Our study has some potential limitations. First, the magnitude of the basal stimulatory effect of NA in the presence of RS 79948 (i.e., in the absence of inhibitors or blockers) appeared to differ across some experimental groups (e.g., Figures 1 vs. Figure 4). However, no changes in experimental conditions could account for this discrepancy. Notably, in most groups, the effect of NA in the presence of RS 79948 was compared to the control NA response recorded in the same neuron, minimizing the impact of this variability on the overall conclusions. Second, consistent with previous studies, only male rats were used in this investigation. Future experiments should aim to characterize α₁AR-mediated effects in female rats to assess potential sex-dependent differences.

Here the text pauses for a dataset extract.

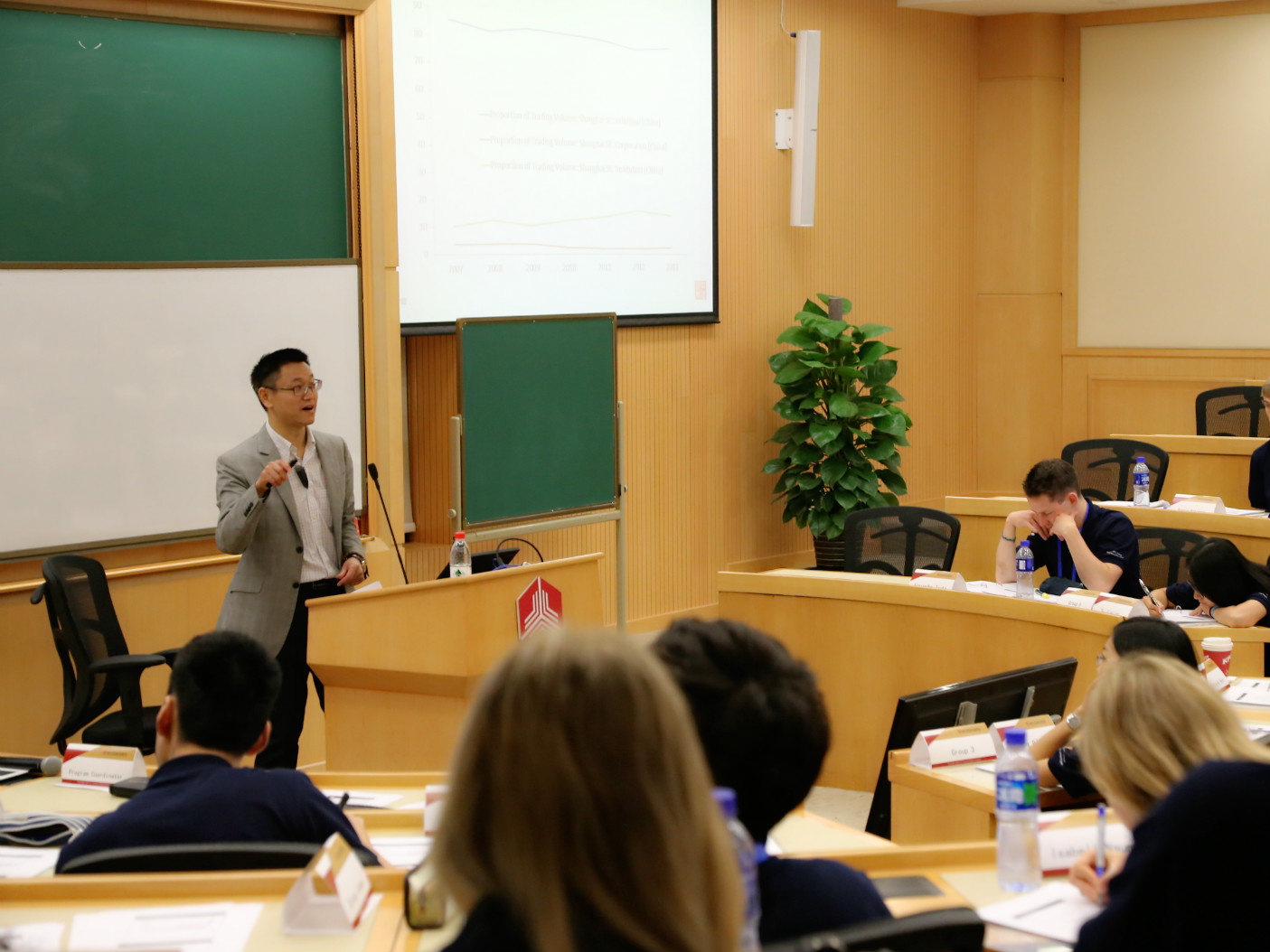 开营第一天,中信证券研究部首席国际宏观分析师张文朗为各国同学带来了题为“China’s Capital Markets”(中国资本市场)的精彩讲座,为同学们详细地介绍了中国的债券市场、股票市场的特点及构成,以及中国的经济周期和金融周期等内容,引起了同学们浓厚的兴趣和热烈的讨论,课堂气氛活跃,师生间互动频繁。

α₁AR is involved in several CNS functions and pathologies such as behavioral activity and depression (Stone et al., 2007), pain modulation (Kingery et al., 2002; Nakatsuka et al., 2022), reward processes (Lin et al., 2007), psychostimulant-induced locomotor hyperactivity (Drouin et al., 2002), or neurodegenerative disorders. Some of these have been shown to be related to the LC. In this line, an increase in the neuronal activity induced by the activation of α₁-AR has also been reported in other brain regions, such as in the prefrontal cortex (Datta et al., 2019), the paraventricular nucleus of the hypothalamus (Chen et al., 2006), or the interneurons of the layer CA1 of the hippocampus (Hillman et al., 2009). In the latter case, this activation leads to a decrease in the activity of pyramidal neurons and to an antiepileptic effect. Previous studies have revealed a role of α₂AR in the regulation of the activity of LC neuron (Aghajanian and VanderMaelen, 1982; Pineda et al., 1997) in the adult rat brain, but the function of α₁AR was thought to be reduced during development. Our results reveal a functional importance of α₁AR in the adult rat LC. The α₁AR can be activated by adrenergic agonists NA and PE (after α₂AR blockade) or by α₁AR agonist cirazoline, stimulating the FR of LC neurons. The stimulatory effect induced by NA would occur through a signaling pathway that involves G_i/o proteins and TRPC5/TRPM7 channels. More studies will be required to describe in detail the mechanisms involved in the α₁AR stimulatory effect and the functional role of this receptor in female rats, but our results suggest that the α₁AR receptor in the adult male rat LC could constitute a target in the treatment of several disorders of the CNS.